You, I and each one of us have a role to play in ending such systemic violence against women. There is no other way but to intensify our struggle as women for dignity and liberation! We cannot leave it to the legal machinery alone as we see how some of the significant recommendations made by women’s organizations and all other democratic organizations and individuals to the Justice J.S. Verma Committee in 2013 were blatantly ignored. The government had constituted this Committee after the   Nirbhaya   case in Delhi in December 2012 and the widespread protests,  to look into the possible amendments in the criminal laws related to sexual violence against women.

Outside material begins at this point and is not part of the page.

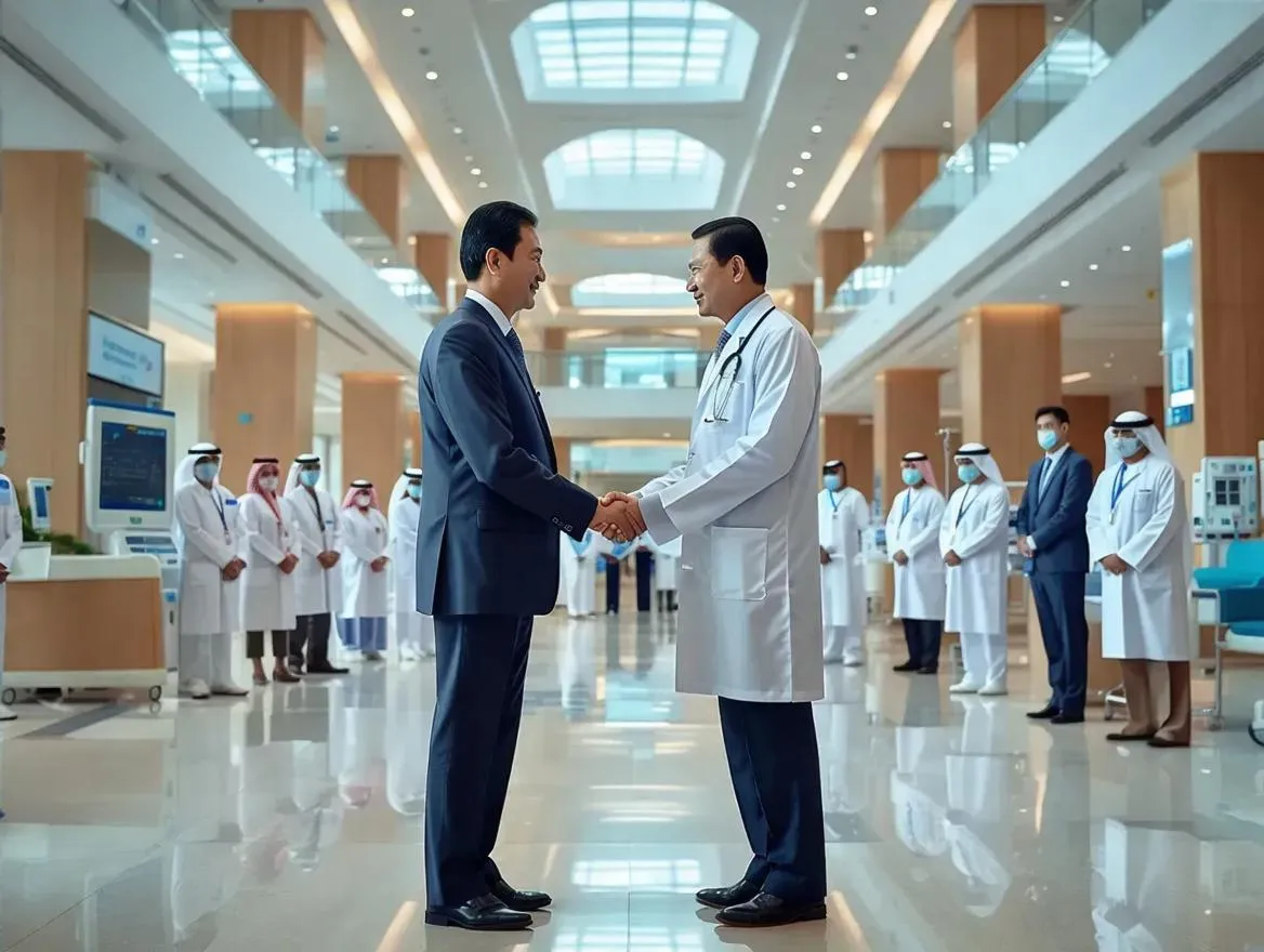 Capture the essence of formal collaboration with AI-generated imagery of a cooperation ceremony. Showcase a professional in a suit shaking hands with a hospital representative, symbolizing business-medical partnerships. Ideal for creating high-quality visuals for alliances, sponsorships, or event promotions. Elevate your brand's narrative with precision-crafted, professional-grade AI visuals by VivaGo.

The   Committee   (2013)   observed that   ‘impunity for systematic or isolated sexual violence in the process of internal security duties is being legitimised by the AFSPA’ and ‘women in conflict areas are entitled to all the security and dignity that is afforded to citizens in any other part of our country’.   The committee recommended that the requirement of sanction for prosecution of armed forces personnel should be specifically excluded when a sexual offence is alleged and they   should be tried under normal law,   and also suggested to ‘take special care for the safety of complainants and witnesses in cases of sexual assault by armed personnel’. However the Central government discarded these   important recommendations given by Justice   Verma   Committee.   The complete lack of political will of the state and its military and administrative apparatus has to be torn asunder to put an end to sexual violence on women. At the same time, let us also resolve to make people conscious that our bodies are no longer to be assaulted, lynched and mutilated in the deepening orgy of patriarchal violence.

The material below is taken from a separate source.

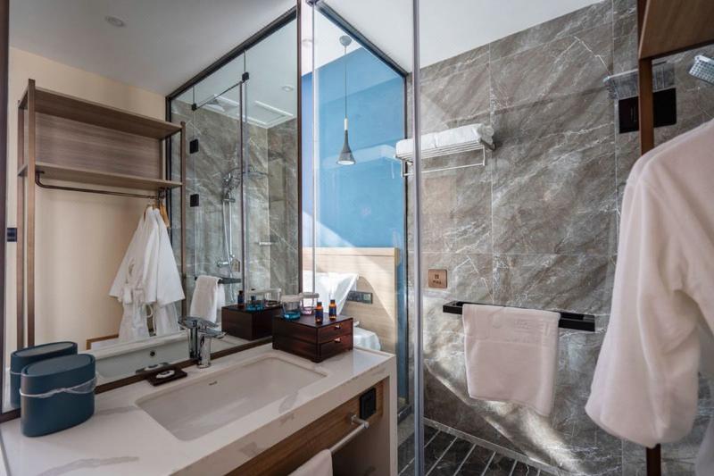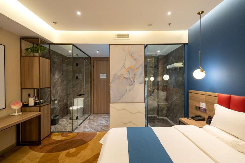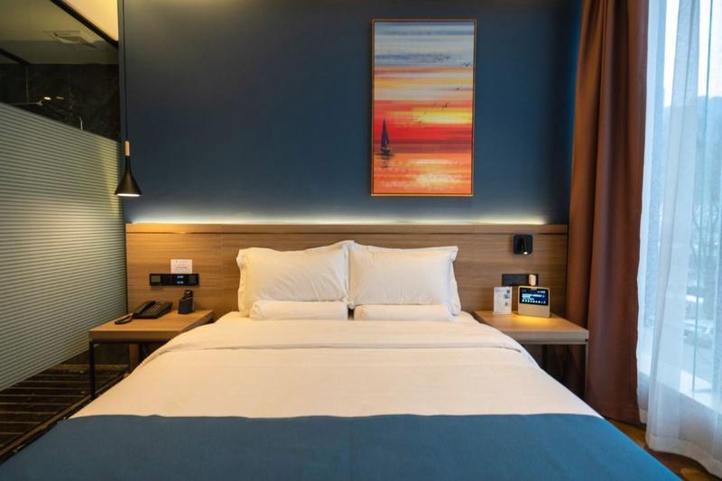 酒店客房全部为全智能房间,各种室内控制都可以“躺着进行”,你只需要动动嘴,房内常见操作都可以轻松解决,你可以通过说话操控灯的开关,可以通过说话开启关闭窗帘,甚至可以通过说话控制空调温度。酒店设有专业的影院房,将电影搬进酒店,采用“酒店+电影”的模式,让宾客在满足住宿需求的同时,也满足观影的需求。酒店所有房间均配备专业零压床垫,零压枕,根据人体七个部位不同着力状况而精心设计,让人体在轻松状态下享受舒适睡眠。酒店位于太原主干道建设南路与长风街交叉口, 距离太原南站3km,太原火车站4.5km,距离太原武宿机场8km,距离长风街北美新天地商圈2km,距离亲贤街茂业天地,王府井商圈1.8km,距离长风文化商务区(国贸第六馆,万象城)4.5km,距离柳巷商圈,太原食品街5km,距离太原长风高速口900m,距离迎宾汽车站400m,建南汽车站1.5km,酒店有停车场,位于太原主干道十字路口,公交,打车都很便利,对面有大型超市,得一文化广场,周边餐饮便利,酒店装修风格时尚大气,为您精心设计各类客房,期待为您提供我们的智慧客房和优质的服务。

Friends, let us seek to strengthen all democratic movements against state repression by drawing attention to the continuing sexual violence inflicted on women. Today, on July 11, as we remember Manorama in Manipur who was raped and killed ten years ago by the Indian Army, let us resolve to unite across all states and raise our voices against:

•  The increasing use of sexual assault by the state forces and other perpetrators as a means to intimidate the community and suppress struggling women, especially in areas and situations of conflict.

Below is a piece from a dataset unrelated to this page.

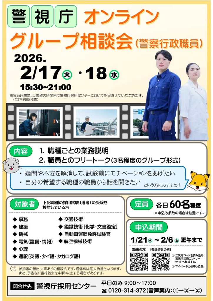 この度、警視庁警察官・警察行政職員に興味を持つ方を対象に、「警視庁オンライングループ相談会」を開催いたします。

•  The daily atrocities and sexual violence faced by the dalit community at the hands of the upper caste and their protection in a caste-biased patriarchy.

•  The police who do little to secure justice for survivors of sexual assault and consistently undermine the struggle for justice by deliberately fouling upinvestigations.

•  The draconian laws that permit the presence and provide impunity to the armed forces amidst civilian populations, which have been responsible for the burgeoning of sexual crimes against women, torture and killings, and also the complete disruption of normal life throwing safety, security and even livelihood options to the wind.

DEMAND THE REPEAL OF THE ARMED FORCES SPECIAL POWERS ACT!!

ASSERT WOMEN’S ABSOLUTE RIGHT OVER BODILY AUTONOMY, SAFETY AND SECURITY!!

——————————————————————————————————————

About WSS

Women Against Sexual Violence and State Repression (WSS) is a non-funded grassroots effort initiated in November 2009, to challenge and put an end to the violence being perpetuated upon women`s bodies and societies. We are a nationwide network of women from diverse political and social movements comprising women’s organizations, mass organizations, civil liberties, student and youth organizations, mass movements and individuals. We unequivocally condemn state repression and sexual violence on women and girls by any perpetrator(s).